Just wanted to thank everyone for their replies - very much appreciated.
Getting closer to "Decision day" hopefully I will know the result in a few weeks.


----------



## Gadgetfx

*Quarantine for dogs/cats....*

For anyone wanting to find out about quarantine for dogs/cats....

Agri-Food & Veterinary Authority of Singapore - Pets - Personal


For Japan:
QUARANTINE 
No quarantine if all the veterinary regulations are complied with and the animals are clinically healthy on arrival.


----------



## Gadgetfx

Ok I have a more specific question.

My office location will be in Changi Business Park Crescent. Any advice on areas which are door to door 45mins by train?
I have 3 kids and dogs, so my criteria are:

Good "Public Schools"
Good Hospitals
Dog friendly parks (if that is possible)
From this, I will be able to start looking for accommodation to gauge how much I would need to spend on a 3/4 bed condo.

Thanks G


----------



## simonsays

CBP - 45 mins by train ? well ...

as i used to say, come here, take a look-see and you will see you can possibly stay closer by bus .. ..


----------



## Gadgetfx

I am still waiting for confirmation so going to SG to take a look is not really an option right now. I am simply trying to do as much investigation as possible so when (if) everything goes as plans it makes my life easier. I will most likely go on my own and spend a month looking at areas though.

So any advice on areas which are family orientated would be appreciated.




ecureilx said:


> CBP - 45 mins by train ? well ...
> 
> as i used to say, come here, take a look-see and you will see you can possibly stay closer by bus .. ..


----------



## Gadgetfx

Just to add - it is 45mins door to door - so I am assuming a 25-30min train ride.

Thanks



Gadgetfx said:


> I am still waiting for confirmation so going to SG to take a look is not really an option right now. I am simply trying to do as much investigation as possible so when (if) everything goes as plans it makes my life easier. I will most likely go on my own and spend a month looking at areas though.
> 
> So any advice on areas which are family orientated would be appreciated.


----------



## simonsays

my 2 cents ? investigate, but don't commit .. until you have been here, and seen how things go, and how true my words are .. 

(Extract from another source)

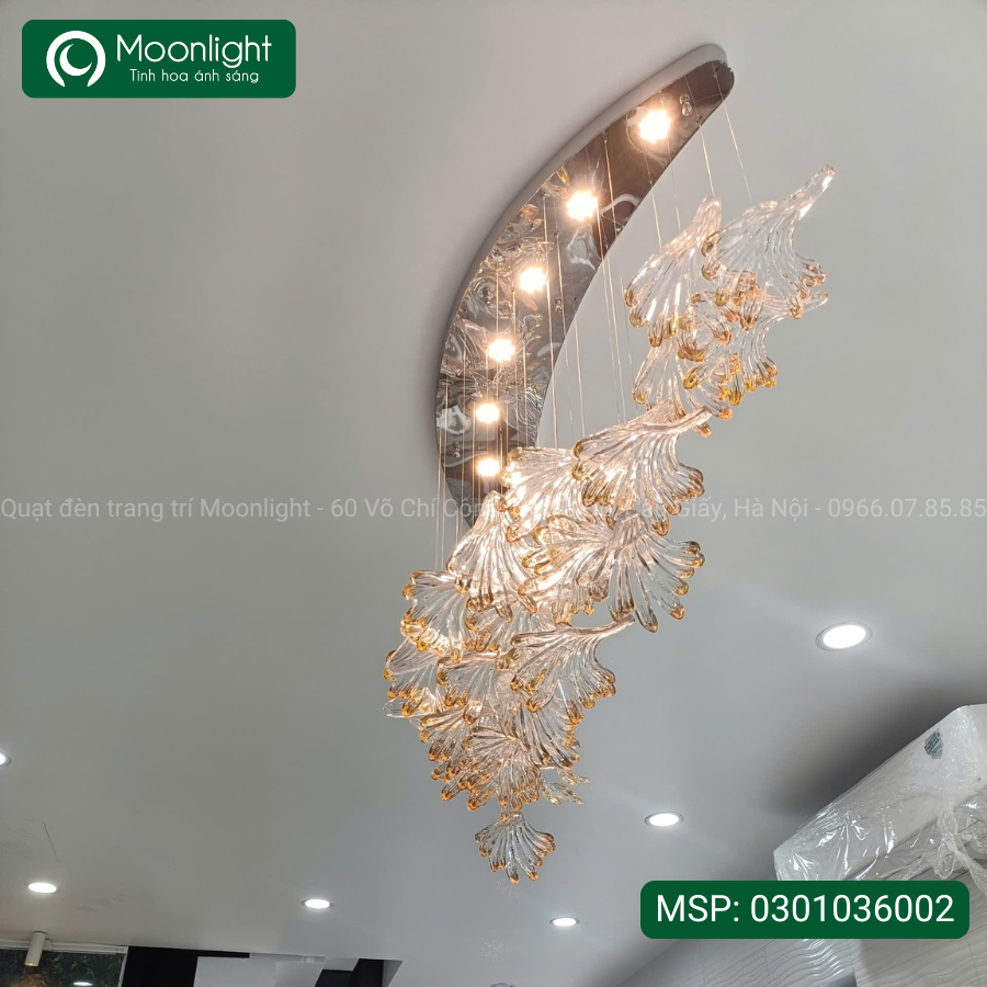 Thiết kế mâm bán nguyệt hiện đại kết hợp cụm 35 lá thủy tinh tạo hiệu ứng “dòng chảy ánh sáng” mềm mại, rất phù hợp treo tại sảnh, lối vào, khu bếp – bàn ăn hay không gian thông tầng thấp. Ánh sáng LED 3 màu đổi tông linh hoạt (vàng ấm/trung tính/trắng), phản chiếu qua từng cánh lá viền mạ vàng, giúp không gian sang trọng và nổi bật như ảnh lắp đặt thực tế.

Of course, for a 2 bedroom apartment, you can pay between 2,000 to 20,000 per month for apartment, based on your 'power'   and your 'expat' tag will evoke a lot of interest from agents who 'cater' to Expats (read - 5 figure rentals .. )  

Location: again, if you wanna be an expat-spender, you will pick one of those 5 figure rental places .. or else, everywhere in Singapore is comfy, easy, accessible, and not far off from any amenity .. 

Sounds too good to be true ?? Well, you can always believe the 'expat' hype and pick an expat locality .. or be more than comfortable in anywhere  

After all, end-to-end, Singapore is so far off, that it takes not more than an hour to reach.. 

So, you are stuck between 10 minutes to the nearest super-market, to 20 minutes to the nearest supermarket .. 

Cheers


----------



## Gadgetfx

Thanks - I appreciate your views.
In fact I am not looking for an "expat" area - I have seen your advice which makes people like myself prone to be overcharged. My criteria is simply a family orientated area.

For example, if you said you wanted a family orientated place in Tokyo I would suggest Setagaya.
I have chosen to live in a part of Japan which is not "international" or has an "Expat community".

Not trying to be rude but are you being vague because all parts of SG are family friendly etc etc? Normally when someone asks about areas it is easy to get an answer - another example - London - North has a Japanese community. Parts of East are a bit dirty. Parts incredibly expensive. NW in general is nice but pricey. 



ecureilx said:


> my 2 cents ? investigate, but don't commit .. until you have been here, and seen how things go, and how true my words are ..
> 
> Of course, for a 2 bedroom apartment, you can pay between 2,000 to 20,000 per month for apartment, based on your 'power'   and your 'expat' tag will evoke a lot of interest from agents who 'cater' to Expats (read - 5 figure rentals .. )
> 
> Location: again, if you wanna be an expat-spender, you will pick one of those 5 figure rental places .. or else, everywhere in Singapore is comfy, easy, accessible, and not far off from any amenity ..
> 
> Sounds too good to be true ?? Well, you can always believe the 'expat' hype and pick an expat locality .. or be more than comfortable in anywhere
> 
> After all, end-to-end, Singapore is so far off, that it takes not more than an hour to reach..
> 
> So, you are stuck between 10 minutes to the nearest super-market, to 20 minutes to the nearest supermarket ..
> 
> Cheers


----------



## simonsays

that's the beauty of Singapore .. the Govt even has a ratio for public housing to ensure there is no overcrowding of a specific race .. 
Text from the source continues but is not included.